About
RoseTTAFold2NA (RF2NA) is an advanced open-source deep learning model for predicting the three-dimensional structures of protein and nucleic acid complexes. Developed by the Institute for Protein Design (IPD) at the University of Washington, it extends the powerful RoseTTAFold2 architecture to support interactions between proteins, RNA, and DNA molecules—an essential capability for understanding biological systems at a molecular level. The tool leverages SE(3)-Transformer-based neural networks trained on known structural data to generate accurate structural predictions, even for complex systems involving homodimer–DNA interactions and DNA-specific sequence recognition.

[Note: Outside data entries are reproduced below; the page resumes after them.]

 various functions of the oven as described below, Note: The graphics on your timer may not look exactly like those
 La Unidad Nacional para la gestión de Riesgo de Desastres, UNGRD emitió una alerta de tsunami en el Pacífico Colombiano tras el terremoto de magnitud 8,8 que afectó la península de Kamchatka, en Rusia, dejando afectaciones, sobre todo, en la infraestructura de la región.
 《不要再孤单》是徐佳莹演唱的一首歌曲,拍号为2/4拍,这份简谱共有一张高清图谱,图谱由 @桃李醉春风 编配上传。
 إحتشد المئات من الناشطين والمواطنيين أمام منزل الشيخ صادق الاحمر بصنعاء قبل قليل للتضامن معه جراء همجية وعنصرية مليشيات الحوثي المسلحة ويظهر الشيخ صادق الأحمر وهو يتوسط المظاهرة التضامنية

RF2NA also supports paired protein/RNA multiple sequence alignments (MSAs) for improved prediction quality. Designed for computational biologists, structural bioinformaticians, and researchers in drug discovery, RF2NA is distributed as a fully open-source MIT-licensed repository. Users install it via conda, download pretrained model weights, and run predictions through a command-line shell script. The April 2023 v0.2 update delivered improved homodimer:DNA interaction prediction, enhanced DNA-specific sequence recognition, and bug fixes in the MSA generation pipeline. RF2NA is particularly valuable for scientists studying gene regulation, CRISPR mechanisms, RNA-binding proteins, and nucleic-acid-targeted drug design—areas where understanding protein–DNA/RNA complex geometry is critical. As a research-grade tool requiring GPU hardware and bioinformatics expertise, it is best suited for academic labs and computational biology teams.
Key Features
- Protein–Nucleic Acid Complex Prediction: Predicts the 3D structure of complexes involving proteins paired with DNA or RNA, covering a wide range of biologically important interactions.
- SE(3)-Transformer Architecture: Leverages NVIDIA SE(3)-equivariant Transformer networks to model the geometry of molecular structures with high accuracy.

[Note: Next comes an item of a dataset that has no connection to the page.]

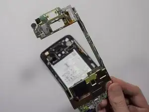 Отсоедините тыловую камеру от платы, осторожно потянув в сторону нижней части телефона.
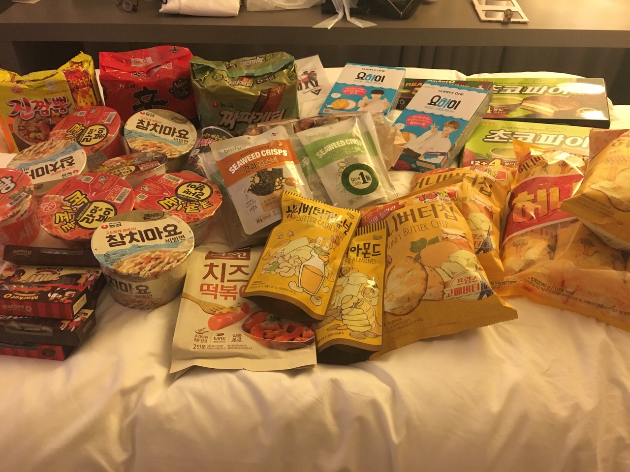 場所はソウル駅地上に出てすぐ。イオンスーパーのような雰囲気で、日用品から食品まで品揃え豊富です。お菓子も土産店より格段に安く、色んな種類が選べるので私は毎回ここで買ってます。バラマキ用、個人用どちら用にもおすすめです。

- Paired MSA Support: Supports paired protein/RNA multiple sequence alignments (MSAs), improving prediction quality for RNA-binding protein complexes.
- Homodimer–DNA Interaction Modeling: v0.2 introduced significantly improved predictions for homodimer:DNA interactions and DNA-specific sequence recognition.
- Open-Source & Freely Available Weights: Fully open-source under the MIT license, with pretrained model weights downloadable for local research use.
Use Cases
- Predicting the 3D structure of CRISPR-Cas protein complexes bound to guide RNA for gene-editing research.
- Modeling transcription factor–DNA binding geometries to understand gene regulatory mechanisms.
- Studying RNA-binding protein structures for RNA therapeutics and vaccine design.
- Supporting structure-based drug discovery targeting nucleic acid–protein interaction interfaces.
- Academic research in structural biology requiring high-accuracy protein–nucleic acid complex modeling.
Pros
- Cutting-Edge Research Tool: Developed by the world-renowned UW Institute for Protein Design, ensuring state-of-the-art accuracy in protein-nucleic acid structure prediction.
- Broad Molecular Coverage: Handles protein–DNA and protein–RNA complexes in a single framework, reducing the need for multiple specialized tools.
- Completely Free and Open Source: MIT-licensed with freely available pretrained weights, enabling academic labs to use it without cost or licensing barriers.
Cons
- Requires NVIDIA GPU Hardware: The model relies on NVIDIA GPU acceleration and is only supported on Linux, limiting accessibility for users without suitable hardware.
- Complex Installation Process: Setup involves conda environments, manual weight downloads, and SE3Transformer installation, which may be challenging for non-technical users.
- Research-Grade Maturity: As an academic research tool, it lacks a graphical interface, commercial support, or user-friendly documentation aimed at non-expert users.
Frequently Asked Questions
RoseTTAFold2NA can predict the 3D structures of protein–DNA complexes, protein–RNA complexes, and mixed protein/nucleic acid assemblies, including homodimer–DNA interactions.
Yes, it is fully open-source under the MIT license. The code and pretrained model weights are freely available from the GitHub repository and UW IPD servers.
RoseTTAFold2NA requires a Linux system with an NVIDIA GPU. Installation is managed via conda using the provided RF2na-linux.yml environment file.
After installing the conda environment and downloading the model weights, you run predictions using the provided `run_RF2NA.sh` shell script from the command line.
The April 2023 v0.2 update includes updated model weights for better homodimer:DNA interaction prediction, improved DNA-specific sequence recognition, bug fixes in the MSA generation pipeline, and support for paired protein/RNA MSAs.